Task prompt:
Using the data below, return the stretch from the line that contains "- 性能测试功能允许用户在会" through the line that contains "按(X,Ŷ)绘曲线如图,图中黑点是观察值(X,Y)。 室温与家兔血糖值的关系 ☚", both included, exactly as it stands and nothing beyond it.

Input data:
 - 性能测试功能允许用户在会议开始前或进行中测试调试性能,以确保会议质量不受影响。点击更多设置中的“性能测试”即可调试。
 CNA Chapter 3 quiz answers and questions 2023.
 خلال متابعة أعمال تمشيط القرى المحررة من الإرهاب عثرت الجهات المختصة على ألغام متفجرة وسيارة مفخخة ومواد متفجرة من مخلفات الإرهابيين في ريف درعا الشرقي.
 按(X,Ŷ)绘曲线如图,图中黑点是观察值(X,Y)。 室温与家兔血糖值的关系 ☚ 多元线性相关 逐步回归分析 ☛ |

==

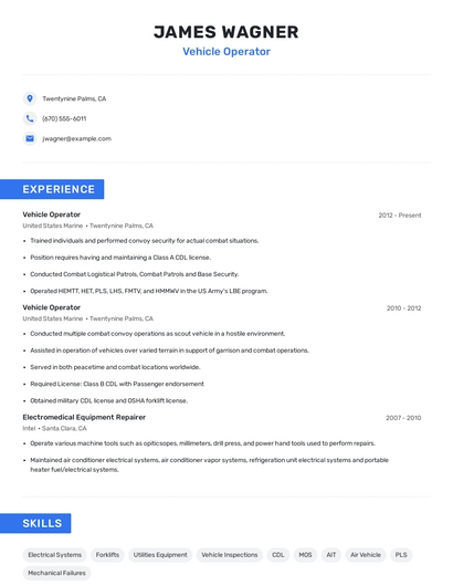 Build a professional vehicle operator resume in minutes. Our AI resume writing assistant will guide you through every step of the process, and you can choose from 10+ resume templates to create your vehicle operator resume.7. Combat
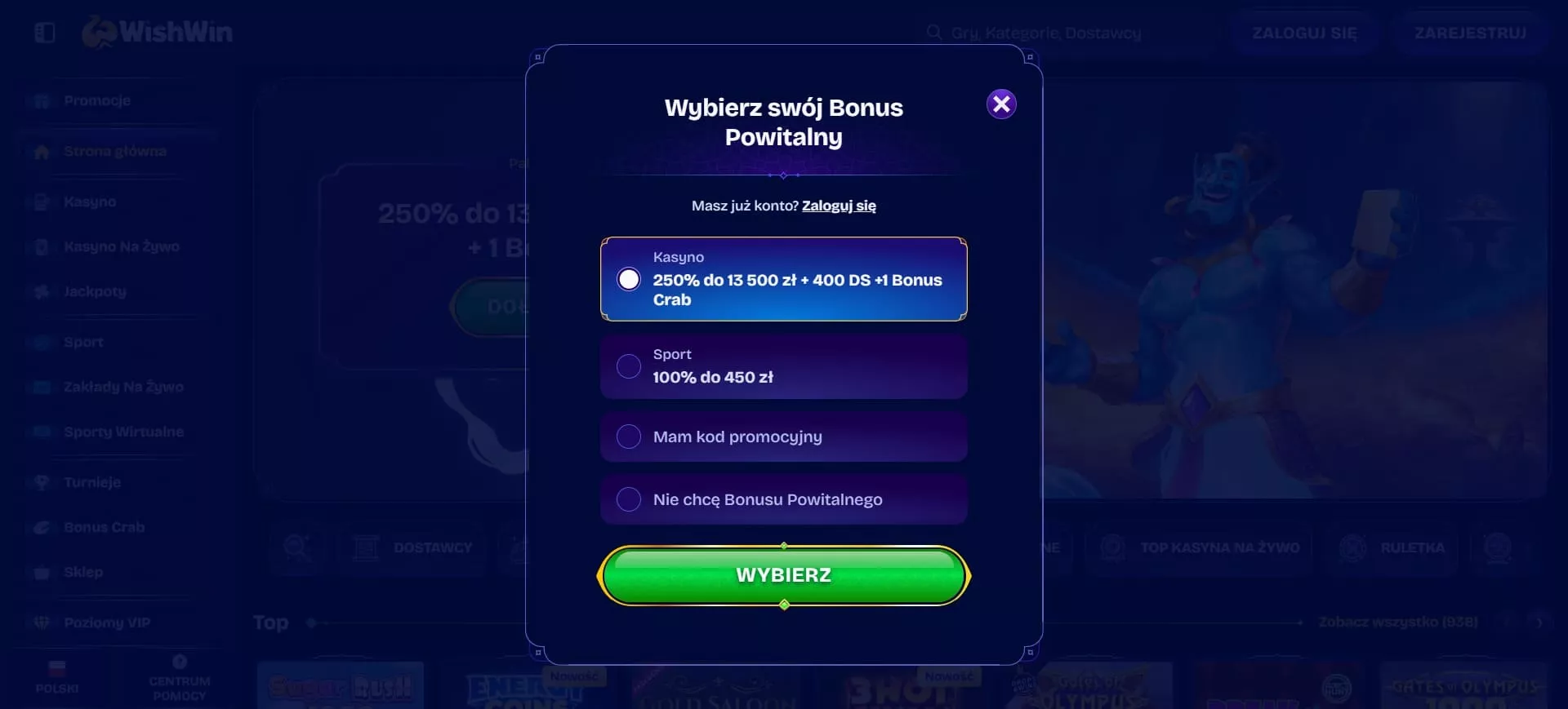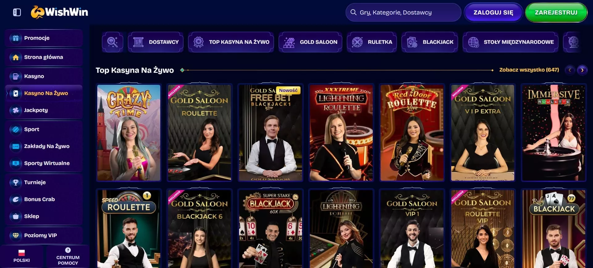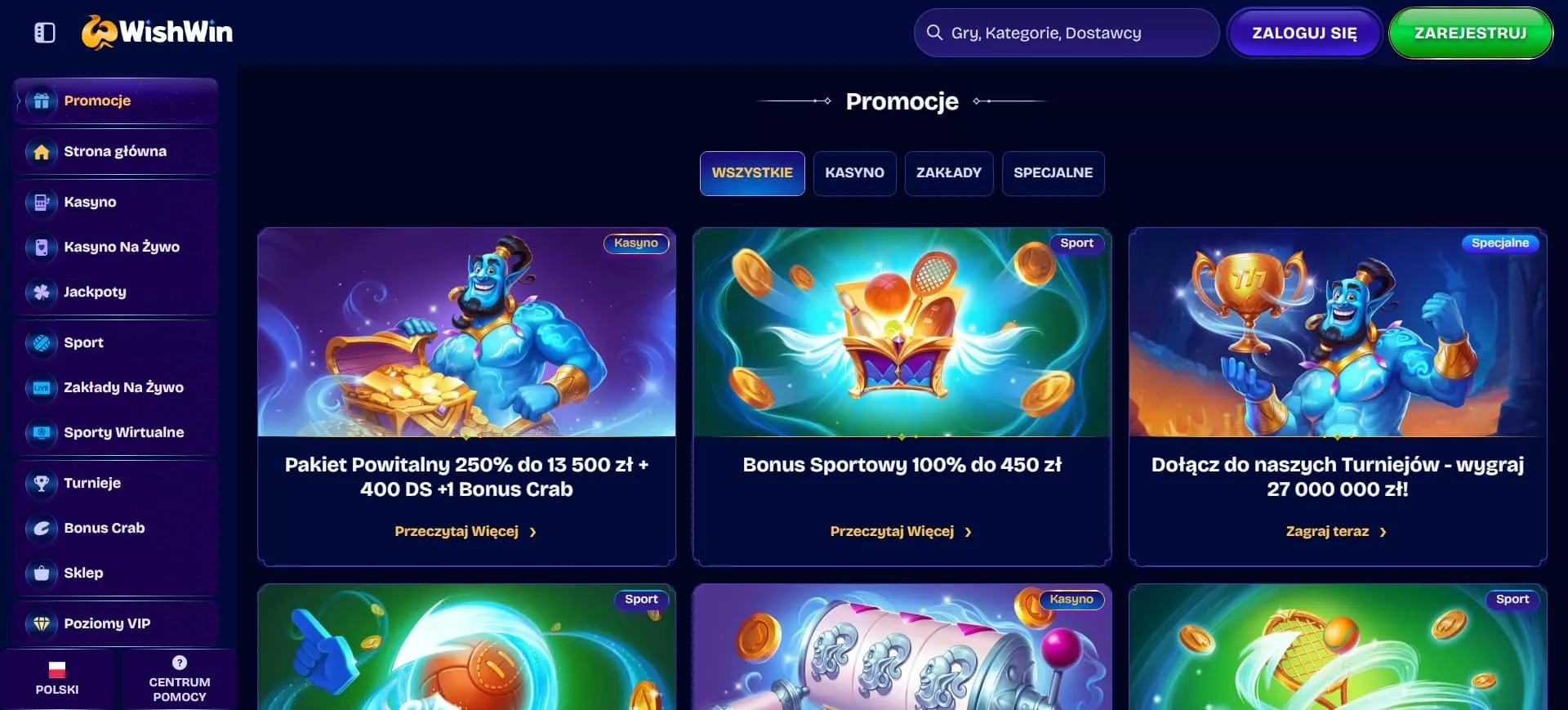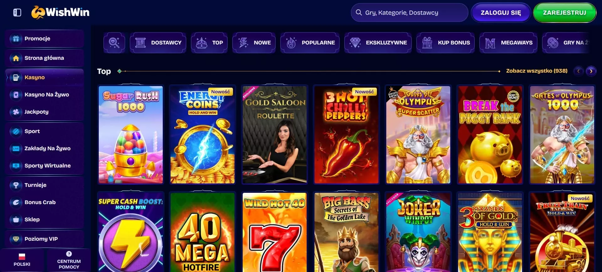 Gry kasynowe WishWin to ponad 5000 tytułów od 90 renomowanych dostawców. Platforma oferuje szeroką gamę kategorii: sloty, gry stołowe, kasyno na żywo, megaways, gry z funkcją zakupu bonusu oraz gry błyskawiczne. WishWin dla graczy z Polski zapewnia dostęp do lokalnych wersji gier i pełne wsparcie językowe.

...

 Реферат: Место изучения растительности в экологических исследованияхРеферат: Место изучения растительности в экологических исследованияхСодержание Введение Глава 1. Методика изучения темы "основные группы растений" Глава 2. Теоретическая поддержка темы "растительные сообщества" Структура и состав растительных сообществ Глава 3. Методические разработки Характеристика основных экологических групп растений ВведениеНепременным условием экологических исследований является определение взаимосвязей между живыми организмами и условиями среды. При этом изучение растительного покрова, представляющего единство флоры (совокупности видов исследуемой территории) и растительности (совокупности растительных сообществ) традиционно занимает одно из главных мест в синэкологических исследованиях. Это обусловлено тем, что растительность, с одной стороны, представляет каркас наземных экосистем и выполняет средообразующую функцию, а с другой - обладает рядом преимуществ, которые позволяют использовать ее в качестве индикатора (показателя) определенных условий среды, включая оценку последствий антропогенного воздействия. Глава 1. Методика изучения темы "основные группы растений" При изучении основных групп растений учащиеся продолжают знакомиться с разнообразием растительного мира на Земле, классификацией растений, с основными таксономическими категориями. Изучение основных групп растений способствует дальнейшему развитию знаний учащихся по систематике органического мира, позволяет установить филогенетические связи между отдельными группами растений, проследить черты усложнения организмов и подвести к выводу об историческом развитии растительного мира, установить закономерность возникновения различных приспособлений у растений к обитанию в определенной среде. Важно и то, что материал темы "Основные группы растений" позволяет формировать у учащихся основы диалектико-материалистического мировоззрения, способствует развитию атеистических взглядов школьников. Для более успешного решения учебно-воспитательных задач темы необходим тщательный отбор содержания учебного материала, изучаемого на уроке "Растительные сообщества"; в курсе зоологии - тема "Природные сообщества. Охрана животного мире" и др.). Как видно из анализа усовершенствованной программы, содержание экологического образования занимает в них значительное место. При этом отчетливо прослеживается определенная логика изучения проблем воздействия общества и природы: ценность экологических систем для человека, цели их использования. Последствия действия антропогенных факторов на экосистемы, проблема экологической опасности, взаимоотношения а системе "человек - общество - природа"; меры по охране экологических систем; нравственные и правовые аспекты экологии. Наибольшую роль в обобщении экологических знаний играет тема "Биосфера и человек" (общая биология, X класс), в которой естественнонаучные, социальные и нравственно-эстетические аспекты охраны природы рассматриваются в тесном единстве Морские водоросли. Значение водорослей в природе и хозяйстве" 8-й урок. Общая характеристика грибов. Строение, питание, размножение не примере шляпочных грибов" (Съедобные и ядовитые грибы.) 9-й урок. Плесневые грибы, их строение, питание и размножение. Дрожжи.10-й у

Result for this task:
 - 性能测试功能允许用户在会议开始前或进行中测试调试性能,以确保会议质量不受影响。点击更多设置中的“性能测试”即可调试。
 CNA Chapter 3 quiz answers and questions 2023.
 خلال متابعة أعمال تمشيط القرى المحررة من الإرهاب عثرت الجهات المختصة على ألغام متفجرة وسيارة مفخخة ومواد متفجرة من مخلفات الإرهابيين في ريف درعا الشرقي.
 按(X,Ŷ)绘曲线如图,图中黑点是观察值(X,Y)。 室温与家兔血糖值的关系 ☚ 多元线性相关 逐步回归分析 ☛ |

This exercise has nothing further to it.